Nadar no escuro, a história Ludwik e Janusz é afinal comum a muitos de nós
Nadar no escuro é o romance de estreia de Tomasz Jędrowski, escritor nascido na República Federal da Alemanha nos últimos anos da Guerra Fria, o período em que decorre a narrativa.
Como parte da política educativa na Polónia soviética, país de origem da família do autor, todos os jovens devem frequentar um campo de trabalho agrícola assim que terminam o seu percurso escolar. Nessas semanas de verão, Ludwik passa as longas horas do dia na apanha da beterraba, acompanhado por dezenas de outros rapazes e raparigas vindos de todo o país. Entre eles, Janusz, por quem começa a desenvolver o mesmo desejo proibido que vem descrito num livro sem capa que Ludwik leva para o campo. Numa tarde depois do trabalho, o Quarto de Giovanni é oferecido a Janusz e revela-se o segredo que, afinal, ambos partilham e que marcará o início da sua aventura romântica.

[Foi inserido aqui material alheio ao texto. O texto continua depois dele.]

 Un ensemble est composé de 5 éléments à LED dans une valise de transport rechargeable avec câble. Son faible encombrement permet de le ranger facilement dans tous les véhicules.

A história Ludwik e Janusz é inevitavelmente cruzada pela geopolítica da cortina de ferro, pelo confronto entre Ocidente e União Soviética, capitalismo e comunismo. O contexto familiar do protagonista localiza o drama humano daquela zona da Europa, onde durante séculos populações inteiras estiveram sujeitas aos caprichos de várias potências externas, que as removiam e deslocavam como peças num tabuleiro. Ludwik sabe que esse tempo não acabou e que os dirigentes soviéticos em Varsóvia e Moscovo ainda controlam grande parte da sua vida.

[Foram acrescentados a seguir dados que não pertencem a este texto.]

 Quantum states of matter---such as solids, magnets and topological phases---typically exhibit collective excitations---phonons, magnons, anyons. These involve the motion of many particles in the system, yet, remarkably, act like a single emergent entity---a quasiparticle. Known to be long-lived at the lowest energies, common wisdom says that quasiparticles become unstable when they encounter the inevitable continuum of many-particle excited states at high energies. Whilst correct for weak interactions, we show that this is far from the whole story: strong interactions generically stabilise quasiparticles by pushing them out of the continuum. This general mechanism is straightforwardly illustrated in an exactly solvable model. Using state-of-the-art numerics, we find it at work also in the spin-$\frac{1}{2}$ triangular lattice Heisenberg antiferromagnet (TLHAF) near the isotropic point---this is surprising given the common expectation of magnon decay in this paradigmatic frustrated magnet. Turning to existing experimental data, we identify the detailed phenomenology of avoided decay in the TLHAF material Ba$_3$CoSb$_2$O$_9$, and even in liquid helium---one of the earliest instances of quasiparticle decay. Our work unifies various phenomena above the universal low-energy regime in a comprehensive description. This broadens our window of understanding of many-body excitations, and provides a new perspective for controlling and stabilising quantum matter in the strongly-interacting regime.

Muitas vezes descrito como a versão polaca do clássico gay de James Baldwin, Nadar no escuro é antes uma história sobre a escolha entre conformação e resistência num regime autoritário que condena ferozmente os comportamentos sexuais desviantes. Os protagonistas são confrontados com dois caminhos inconciliáveis. A abdicação da liberdade pessoal, pela negação da identidade sexual e, claro, pela ocultação do amor proibido, é paga com as recompensas que o Estado-todo-o-poderoso pode oferecer: carreira, status, fortuna. A opção alternativa é a da clandestinidade – não apenas sexual, mas política. O Giovanni sem capa surge como um símbolo subversivo de liberdade sexual que ofende a ortodoxia moral do regime. Os vícios sexuais, próprios das nações burguesas, atentam contra a construção da sociedade ideal e por isso Ludwik, que não aceita resignar-se e calar a sua sexualidade, é considerado um inimigo do Estado.
Outro aspecto interessante em Nadar no escuro é a sua actualidade, quando temos uma guerra na Europa em que uma das partes se apresenta como herdeira do legado imperialista da URSS. Note-se que a Leste os ataques à comunidade queer não são exclusivos de nenhum regime. Já neste século os ataques mais hostis têm vindo de governos e movimentos religiosos ultra-conservadores, as forças que mais vocalmente condenam o comunismo. Basta ver a posição da igreja ortodoxa russa que justifica a invasão da Ucrânia com a propagação de marchas do orgulho LGBT+ naquele país.
Mas o atropelo aos direitos da comunidade não começou em Fevereiro deste ano. Trava-se um constante braço-de-ferro entre Bruxelas e alguns estados europeus que insistem na implementação de políticas que promovem um ambiente discriminatório e opressivo. Há dois anos a Polónia propôs a criação de zonas “LGBT-free” no seu território, dando um passo para o regresso ao mesmo clima de repressão social vivido por Ludwik. Podemos também acompanhar nestes últimos dias o que se passa em Belgrado, onde as celebrações do EuroPride encontram a forte oposição do governo, da igreja, da polícia e de grande parte da opinião pública. Milhares protestam na rua, envergando bandeiras russas, contra “a profanação da santidade do casamento e da família”, nas palavras do líder da igreja sérvia. É de recordar que este país, tradicional aliado da Rússia, é um dos mais fortes candidatos à entrada na União Europeia.
Mais de trinta anos depois da queda do muro de Berlim, o tempo de Nadar no escuro não parece tão distante assim e o título do romance, nascido do verão idílico vivido por Ludwik e Janusz antes de tudo desabar, assenta como sinistra epígrafe para o nosso próprio tempo.